_How to complete this task_
Excluding images, repeat the data exactly as given.

_Provided data_
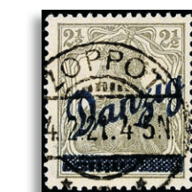
33OO Fotoattest Oechsner BPP 324,-
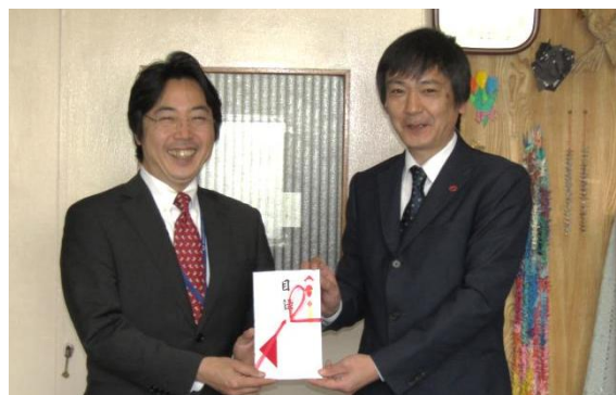
大森校長(左)、四方代表取締役(右)

別途、1社から寄贈を行っておりますが、寄贈先の希望により非掲載とさせていただきます。
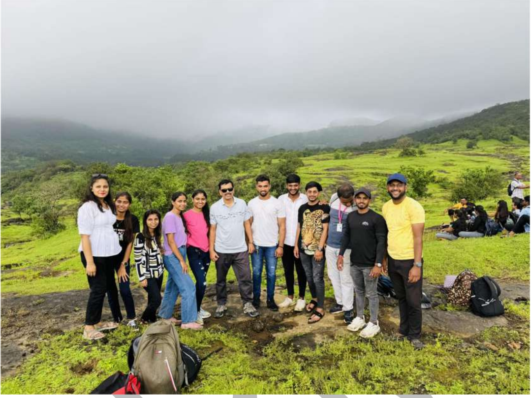
भोरगिरी – भीमाशंकर वनसचेतन शिबीर

_Solution for this problem_
33OO Fotoattest Oechsner BPP 324,-
大森校長(左)、四方代表取締役(右)

別途、1社から寄贈を行っておりますが、寄贈先の希望により非掲載とさせていただきます。
भोरगिरी – भीमाशंकर वनसचेतन शिबीर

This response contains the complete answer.